To change the switch port to access mode and enable the port security feature, you use the following commands:
Switch(config)#interface FastEthernet 0/1 Switch(config-if)#switchport mode access Switch(config-if)#switchport port-security
Then, statically add the authorized MAC address to the port.
Switch(config-if)#switchport port-security mac-address ABCD.EF00.0001
From now on, only the host with a MAC address equal to ABCD.EF00.0001 can attach to the switch port FastEthernet 0/1. If any hosts with unauthorized MAC addresses are plugged in to the port, an error message appears, and the port will be put into an errdisable
state. No traffic is allowed to pass through until the network administrator resets the port.
However, an enterprise network may have thousands of network ports. The network administrator will be late for lunch logging in to the switch and resetting the port every time someone plugs in an unauthorized device. You can tell the switch to reset the port automatically after some predefined time:
Switch(config)#errdisable recovery cause psecure-violation Switch(config)#errdisable recovery interval 600
sticky
Configuring MAC address entries may be another reason why a network administrator is late for lunch. Compared with one-by-one manual input, sticky
is a more scalable setting. By enabling the port security sticky
feature at the switch port, the switch will automatically add the first MAC address that connects the port to the configuration file. Use the following command to enable sticky
:
Switch(config-if)#switchport port-security mac-address sticky
In some situations, you may need to configure port security to allow more than one MAC address to connect to a port. For example, you may need to add a small switch temporarily for a group of users to share a port. If so, you'll need to increase the maximum accepted MAC addresses for the port that will connect to this new switch from a default value of 1 to the number of connected devices. Remember that the switch itself will need to communicate with other switches, so the total number of new MAC addresses should be the number of hosts plus one.
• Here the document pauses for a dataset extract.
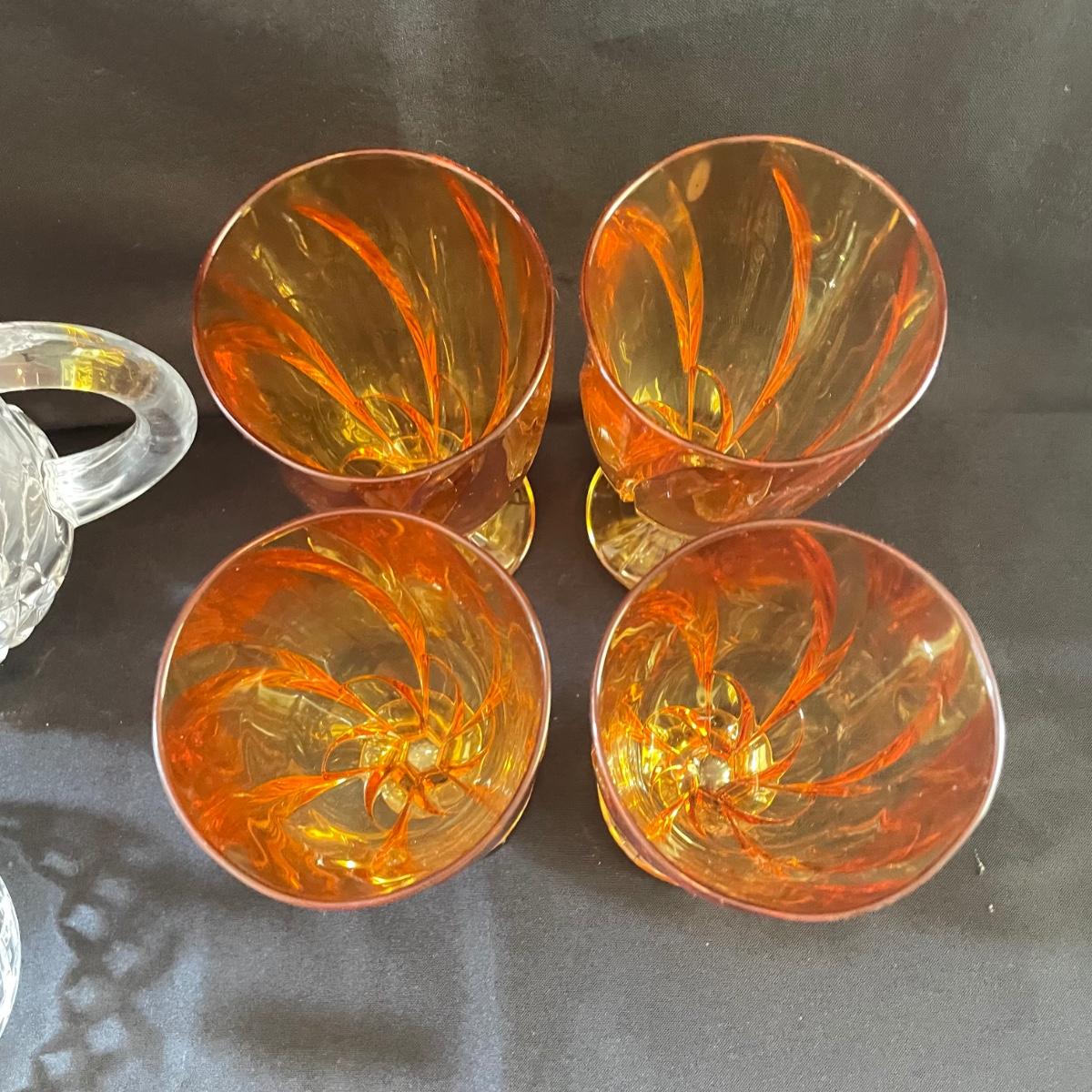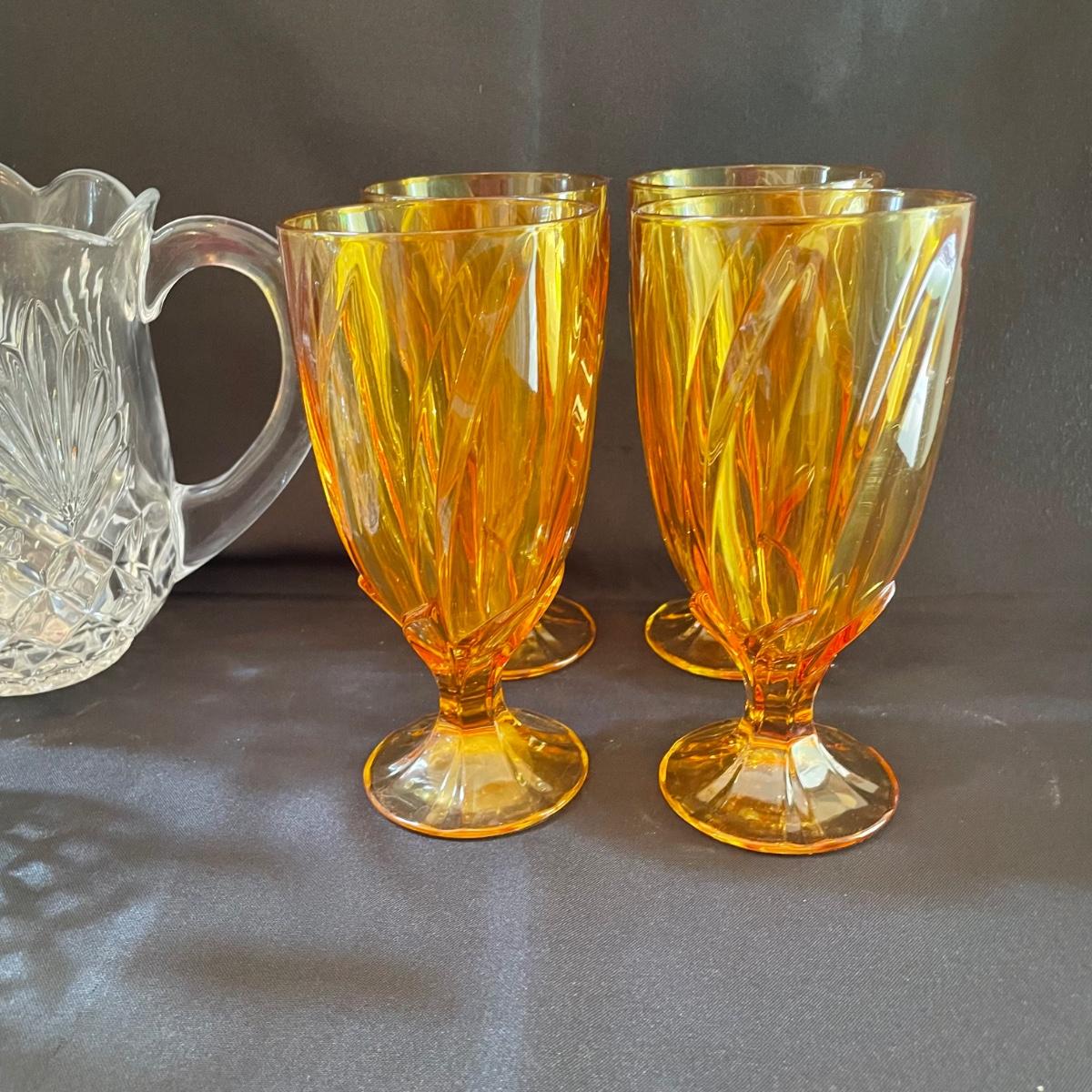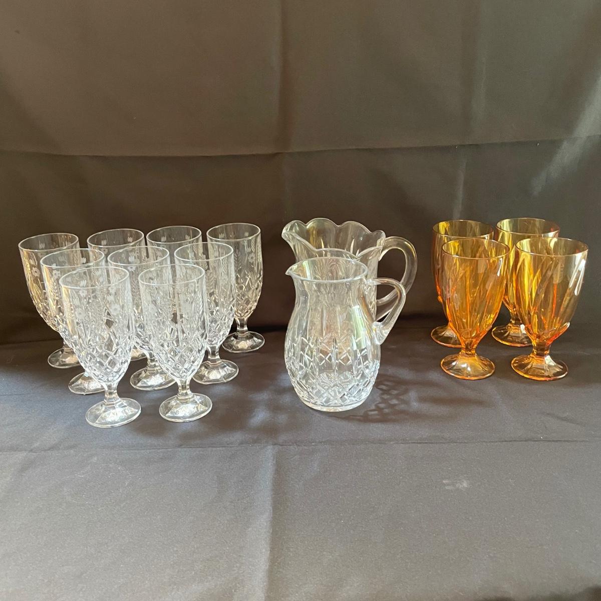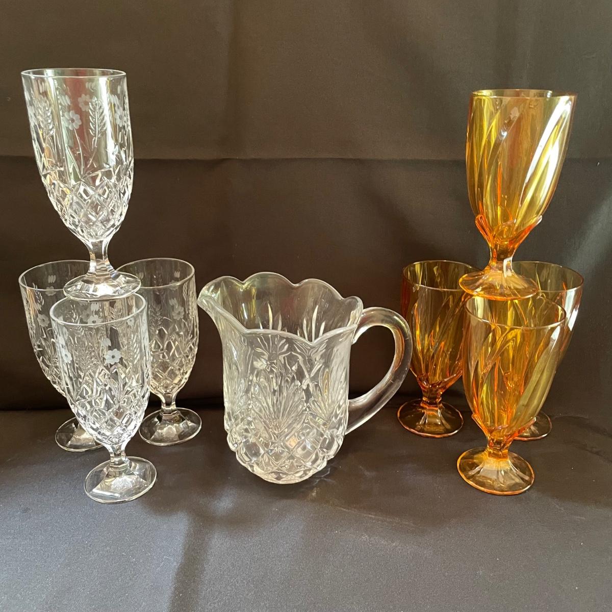 Two glass pitchers and two sets of footed glassware perfect for sweet and unsweetened iced tea. A set of nine floral etched glasses and a set of four swirled amber glasses. Two clear glass pitchers round out the lot. The larger pitcher measures 8.5” x 5.5” x 8.25” H (with handle). The clear glasses are slightly taller than the amber at 8”H. Shipping available.

Switch(config-if)#switchport port-security maximum 5
802.1X
Another approach to port security is implemented through the IEEE 802.1X network standard [5], which is a scalable, wired network authentication solution for port-based network access control. As shown in Figure 9, the client device (supplicant) requests to attach to the switch port by using the Extensible Authentication Protocol (EAP). The EAP message includes authentication information such as username, password, MAC address, or even digital certificate. When the switch (authenticator) receives the request, it sends the credential to an authentication server, which may be a Remote Authentication Dial-In User Service (RADIUS) server or an agent that connects to an Active Directory server. Finally, the authenticator allows the request if the provided information is validated.

Conclusion
Although wireless connections are very common nowadays, wired networks are still widely used for commercial office networks because of their high speed, stability, and security. The basic design of the wired Ethernet network puts the security on the perimeter and assumes all users on the local network are trusted. An intruder who is able to attach to a switch within the local network can easily gather information for an attack – unless you implement some form of port security. Individual port security configuration should be used on small- to medium-sized networks. For a large network infrastructure, you might want to consider the more scalable 802.1X authentication solution.